Posted December 24, 2021 5:00 a.m. EST
Updated December 24, 2021 8:58 a.m. EST
CBC Editorial: Friday, Dec. 24, 2021; Editorial #8724
The following is the opinion of Capitol Broadcasting Company.
It seems Phil Berger, leader of North Carolina’s legislature, now agrees that our state’s public schools do, in fact, fail to meet the State Constitution’s guarantee of making sure every child has access to a quality education.
“Lagging achievement,” he says of our public schools. “Outright failure,” he goes on. So, he does agree that the state –which by the way includes Phil Berger and the other legislators who serve under his leadership – is in violation of the Constitution. It is good to see that he’s come around to agreeing with no fewer than two affirmations of that by our State Supreme Court since 1997.
Judge David Lee, who Berger regularly personally insults, denigrates and mischaracterizes, did what he was assigned to do by former state Supreme Court Justice Mark Martin (a Republican like Berger). He brought the plaintiffs and defendants together in OPEN court, reviewed the facts of the matter and the positions of the opposing parties and facilitated a mutually agreeable resolution.

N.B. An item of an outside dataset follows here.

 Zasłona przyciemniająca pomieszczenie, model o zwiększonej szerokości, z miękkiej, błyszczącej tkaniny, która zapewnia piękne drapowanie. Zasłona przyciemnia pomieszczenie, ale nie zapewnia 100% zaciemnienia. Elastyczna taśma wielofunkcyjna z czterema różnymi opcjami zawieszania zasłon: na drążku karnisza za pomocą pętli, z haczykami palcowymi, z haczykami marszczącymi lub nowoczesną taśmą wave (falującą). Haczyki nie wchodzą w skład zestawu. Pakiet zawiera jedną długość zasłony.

What Berger doesn’t like is that it is an affirmation of public education and our state’s constitutional principle that it is state government’s responsibility to provide every child with access to a quality education.
Does Berger believe that’s what is happening today? The Education Law Center, in its “Making the Grade 2021: How fair is school funding in your state” gives North Carolina an “F” in funding level – 49th among the 50 states and Washington D.C. The state gets another “F” in funding effort – 47th. Who’s responsible for those bottom-of-the-barrel levels?

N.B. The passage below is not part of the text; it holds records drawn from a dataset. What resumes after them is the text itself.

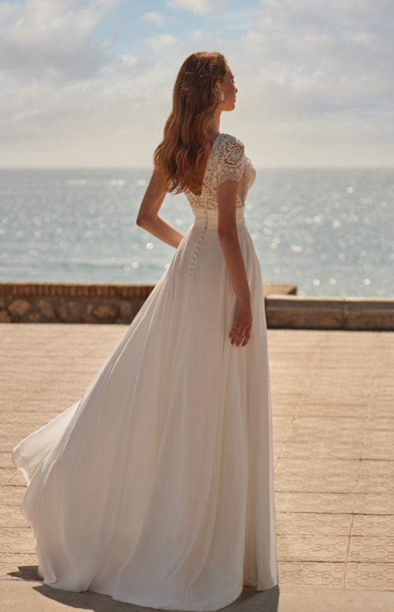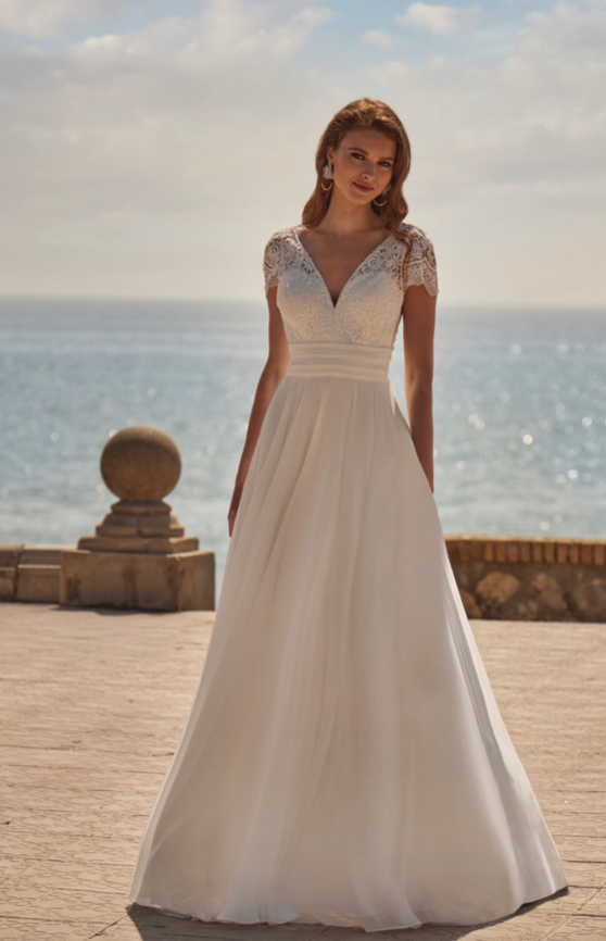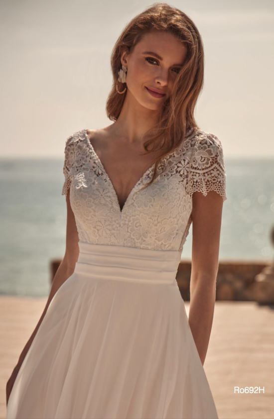 Robe de mariée en mousseline et dentelle. Top décolleté V en dentelle, doublure top forme coeur. Manches courtes en dentelle, ceinture drapée en mousseline. Jupe fluide en mousseline. Robe ivoire proposée en boutique.
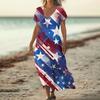Sommerkleid Damen Lang Strandkleid Elegantes Kleid V-Ausschnitt Kurzarm Sommerkleid Leicht Luftig
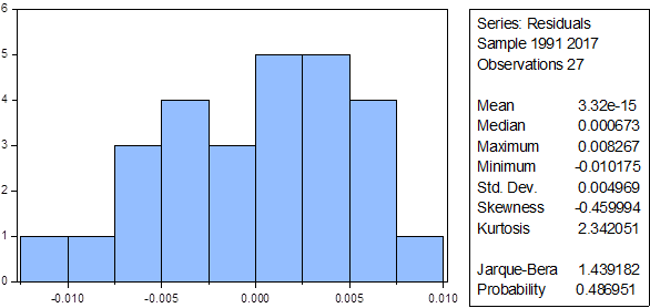 Table 4.1 shows the descriptive statistics of RGDP_PC, G_EXP, M_EXP, SR, INF and EXR. It shows that all the variables under consideration contained 30 observations. RGDP_PC had the highest mean value followed by G_EXP, M_EXP, EXR, INF and SR, respectively. The table also shows that, INF was mesokurtic as its value was greater than three while RGDP_PC, G_EXP, M_EXP, SR and EXR were platykurtic as their values were less than three. The probability of the Jarque-Bera showed that all the variables, except INF, were normally distributed.
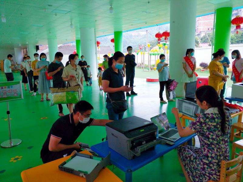 “家長你好,請把孩子的用品放到這里,另外請把孩子的健康碼打開,有序排隊打印,請不要扎堆聚集,注意安全。”縣氣象局的志愿者們就做好維持秩序、協(xié)助打印積極開展志愿服務(wù)。
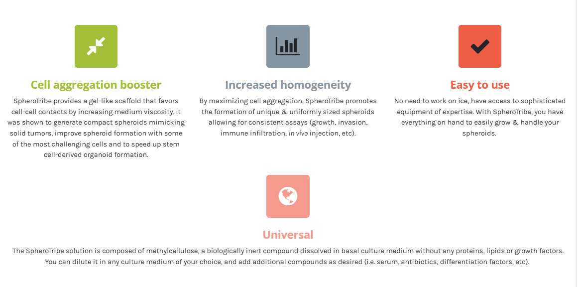 SpheroTribe provides a simple toolkit to generate consistent and robust 3D cell structures (spheroids, organoids) without restriction of cell type. Simply dilute the SpheroTribe solution into your culture medium of choice, watch your cells turn into uniformly sized 3D spheroids and collect them for your downstream assays.
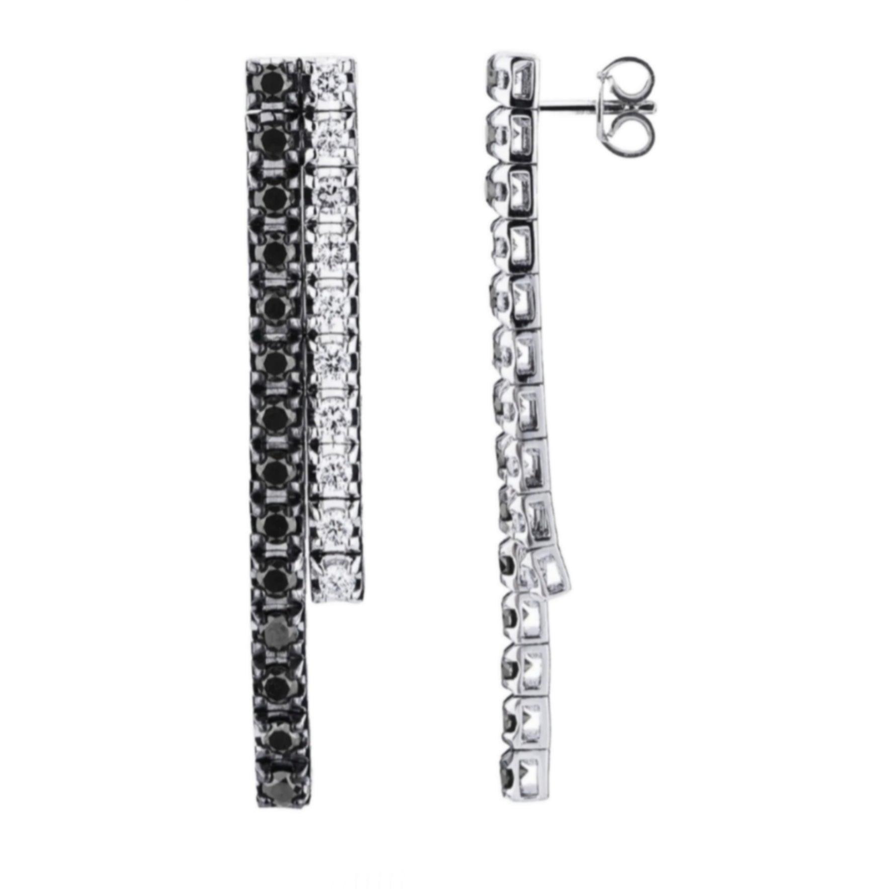 orecchini tennis in oro bianco e 2 fila diamanti naturali neri e bianchi 1,44ct
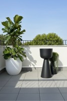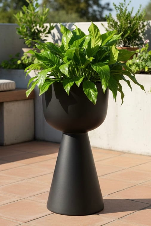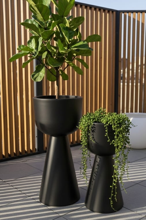 Minimalistyczna forma i głęboka, matowa czerń sprawiają, że donica staje się doskonałym tłem dla roślin. Intensywna zieleń liści, delikatne trawy ozdobne, formowane krzewy czy egzotyczne palmy zyskują w jej towarzystwie jeszcze większą wyrazistość.
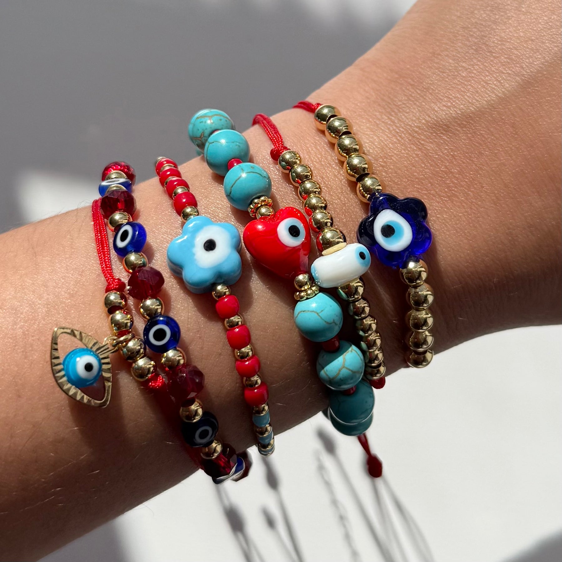 This handmade bracelet features an adjustable red cord and a shimmering light blue crystal evil eye medal, designed to ward off negativity and bring peace, clarity, and luck to the wearer. Lightweight and meaningful, itβs perfect for everyday wear or as a thoughtful gift.
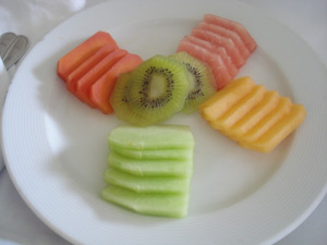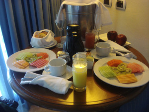 We wanted to take advantage of our room service, so we did ourder our breakfast in bed which was included in the honeymoon package. However, this turned out to be more of a breakfast appetizer, as I only could eat fruit off the menu!

Berger blames “a failed education bureaucracy.”
Is he talking about the state Board of Education, the Superintendent of Public Instruction, the women and men who serve on local boards of education, school district superintendents, the classroom teachers and their students?
Of course this presumes Berger and his legislators have no responsibility.

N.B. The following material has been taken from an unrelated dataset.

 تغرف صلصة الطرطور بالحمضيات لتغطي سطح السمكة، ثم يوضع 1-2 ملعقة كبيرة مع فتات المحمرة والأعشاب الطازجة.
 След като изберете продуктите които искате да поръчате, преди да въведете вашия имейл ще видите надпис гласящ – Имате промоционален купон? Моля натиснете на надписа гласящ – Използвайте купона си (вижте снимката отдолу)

Blame the bureaucrats. It’s a nebulous, meaningless dodge of the responsibility Berger shoulders. Who was the champion of abolishing the Teaching Fellows program? Who continues to push private school vouchers that funnel millions of dollars to schools that aren’t required to show reasonable or transparent measures of student achievement – they aren’t even required to show that students show up at class.
In a transparent and methodical way, the plaintiffs (local school systems, students and parents) and defendants (the state of North Carolina and the state Board of Education) worked together under Judge Lee’s guidance to reach agreement on specifically where North Carolina’s schools were failing to provide for a quality education and what specifically needed to be done to remedy the situation.
It’s not, as Berger suggests, an “unconstitutional scheme to funnel $1.7 billion in extra money to a failed education bureaucracy.”
It’s far from a “simple application of more money,” as Berger suggests. That, in fact, has been the way he’s going about directing hundreds of millions of taxpayer dollars to fund his private school voucher program.
It does take a lot of money to address the decades of neglect that North Carolina’s public schools – its teachers and students – have suffered.
The plaintiffs and defendants, working with the Friday Institute for Education Innovation at N.C. State University, the Learning Policy Institute in Washington and coordinated by WestEd, came up with a comprehensive plan to deliver a sound basic education for children in North Carolina public schools.
It is no broad-brush solution but a highly detailed program that pinpoints specific areas of need throughout the public education process to help make teachers more effective and provide students with resources and support services so they’ll be better learners.
It is an example of leadership that Berger should be praising and supporting.
Current Superintendent of Public Instruction Catherine Truitt should be in the forefront to support and fund this critical effort – instead of sheepishly and quietly remaining on the sidelines.
Now that Berger has said he agrees that North Carolina has been violating the State Constitution when it comes to meeting its obligation to provide a quality education to all children it’s time for him to speak up.
If you don’t agree with the detailed program outlined in the Leandro remedial program tell us, just as specifically, what you’d do to right this awful wrong.
Just blaming un-named bureaucrats is a dodge.
Throwing more money at the situation – as is being done through his private school voucher program – is just more of what he says are unproductive efforts.
North Carolina students deserve the quality education they’ve been promised and too-long denied. Berger and his legislators need NOW to put-up or get out of the way.